Good point, will keep in mind, thank you.

> Alternatively, we could push sympysort into standard equality testing.

Note that I suggested applying sympysort to _non-Basic_ things only.
Basic objects (i.e., inherently SymPyish objects) will be handled by
sorting their .args at printing. Therefore, the change I propose
would be totally transparent in "most" cases.

> This could be done in two ways:
> 1) Change SymPy to use its own equality testing function(s). I believe that
> this could benefit other problems - I see recurring questions of the "a and
> b should be equal but aren't" on the mailing list, and having an array of
> different equality testers that work at different levels of abstractions
> might help address this without the feel of ugly hacks that the answers
> often carry.

This is beyond the scope I had in mind when writing my previous
E-mail, which means that I don't claim to be of any authority on this
point :-)

Do bear in mind, however, that playing around with equality testing
functions will _not_ address the doctest failures because the problem
most often arises from _string_ comparison in doctesters.

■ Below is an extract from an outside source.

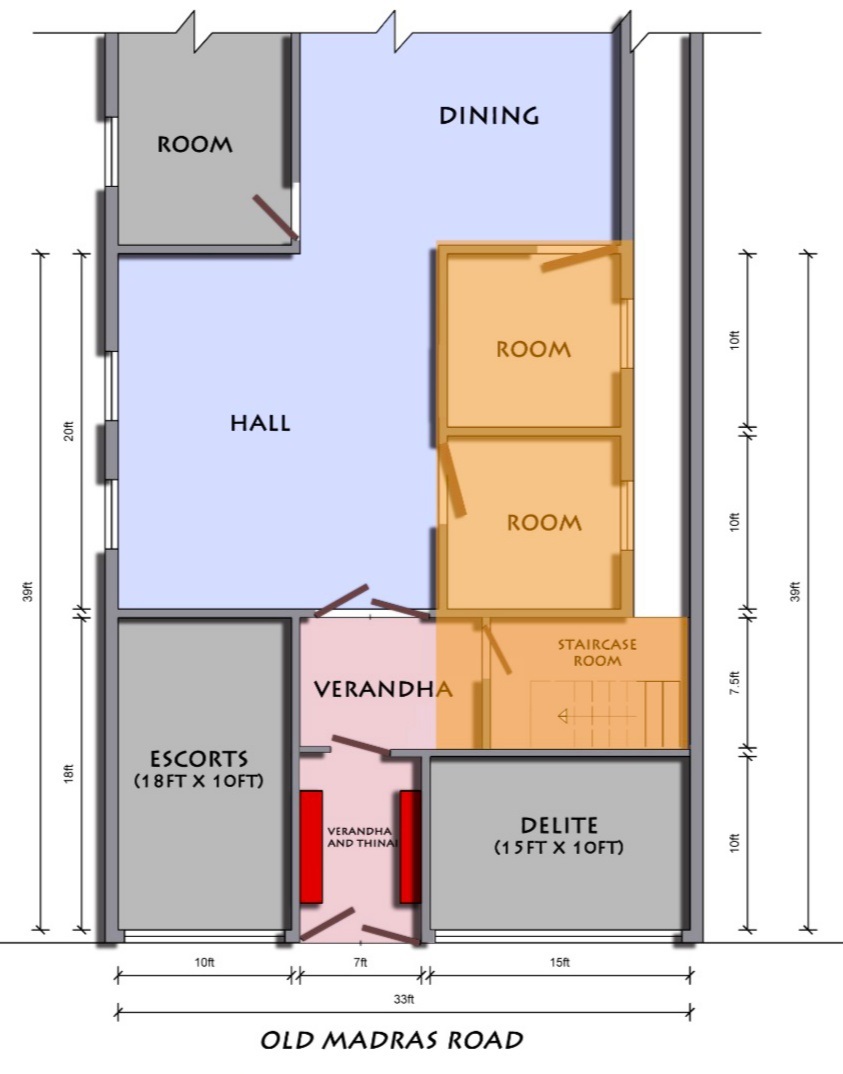 Behind DELITE stores was a veranda and the staircase room leading to the open terrace. Apart from these two, there were two more rooms behind the staircase room that had to be included for the proposed expansion (shaded brown in the image). Hence, I decided to build a first floor with three rooms and a bathroom to make good for the rooms in the ground floor that we had to let out. This way we would not only get additional rent but also have additional rooms on the first floor. This would enable me to shift to first floor making my living more independent!

> 2) If Python supports that, redefine Python's equality for SymPy dicts to be
> agnostic of key ordering. That would push sympysort into the equality
> function. (Making this efficient might be an interesting task.)

SymPy dicts are Basic objects, so you I believe you can do whatever
you want with them.

Nevertheless, my impression from the test (not doctest) failures we
see is that they have nothing to do with comparison of SymPy dicts.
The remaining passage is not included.